WHAT YOU HAVE TO DO: Although the data below holds other lines too, output only those from the line with "In Boll-Sinneringen, zwischen" up to and including the line with "1827, August 1.", exactly as they appear.

SUPPLIED MATERIAL:
◇ ◇ ◇ ◇ ◇ ◇ ◇

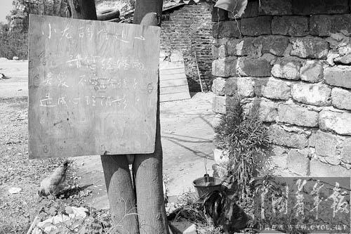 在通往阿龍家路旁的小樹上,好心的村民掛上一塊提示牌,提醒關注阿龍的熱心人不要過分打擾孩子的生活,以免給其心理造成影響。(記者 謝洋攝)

◇ ◇ ◇ ◇ ◇ ◇ ◇

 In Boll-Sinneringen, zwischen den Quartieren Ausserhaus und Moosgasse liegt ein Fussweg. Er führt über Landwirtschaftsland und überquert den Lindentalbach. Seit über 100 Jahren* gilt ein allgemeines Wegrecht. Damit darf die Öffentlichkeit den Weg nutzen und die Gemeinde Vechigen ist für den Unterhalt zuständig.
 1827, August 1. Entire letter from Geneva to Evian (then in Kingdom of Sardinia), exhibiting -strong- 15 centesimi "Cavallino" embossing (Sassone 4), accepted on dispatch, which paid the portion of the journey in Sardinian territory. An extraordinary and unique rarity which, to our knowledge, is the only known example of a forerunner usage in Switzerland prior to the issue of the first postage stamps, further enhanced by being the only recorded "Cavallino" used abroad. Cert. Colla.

◇ ◇ ◇ ◇ ◇ ◇ ◇

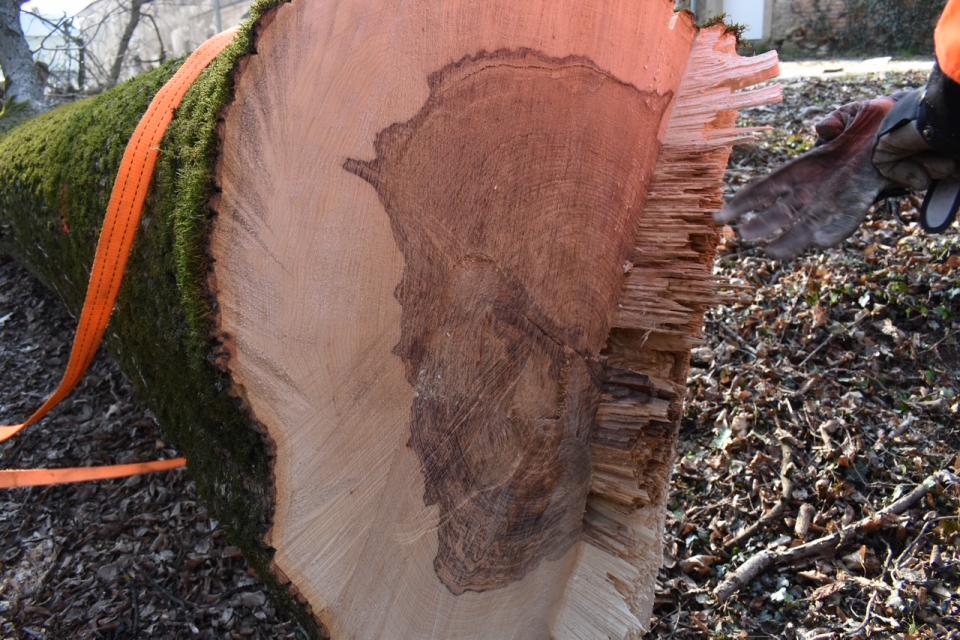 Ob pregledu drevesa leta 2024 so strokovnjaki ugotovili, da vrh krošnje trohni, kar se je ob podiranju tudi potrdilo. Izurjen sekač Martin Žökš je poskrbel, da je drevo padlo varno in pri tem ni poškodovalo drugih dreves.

◇ ◇ ◇ ◇ ◇ ◇ ◇

TASK SOLUTION:
 In Boll-Sinneringen, zwischen den Quartieren Ausserhaus und Moosgasse liegt ein Fussweg. Er führt über Landwirtschaftsland und überquert den Lindentalbach. Seit über 100 Jahren* gilt ein allgemeines Wegrecht. Damit darf die Öffentlichkeit den Weg nutzen und die Gemeinde Vechigen ist für den Unterhalt zuständig.
 1827, August 1. Entire letter from Geneva to Evian (then in Kingdom of Sardinia), exhibiting -strong- 15 centesimi "Cavallino" embossing (Sassone 4), accepted on dispatch, which paid the portion of the journey in Sardinian territory. An extraordinary and unique rarity which, to our knowledge, is the only known example of a forerunner usage in Switzerland prior to the issue of the first postage stamps, further enhanced by being the only recorded "Cavallino" used abroad. Cert. Colla.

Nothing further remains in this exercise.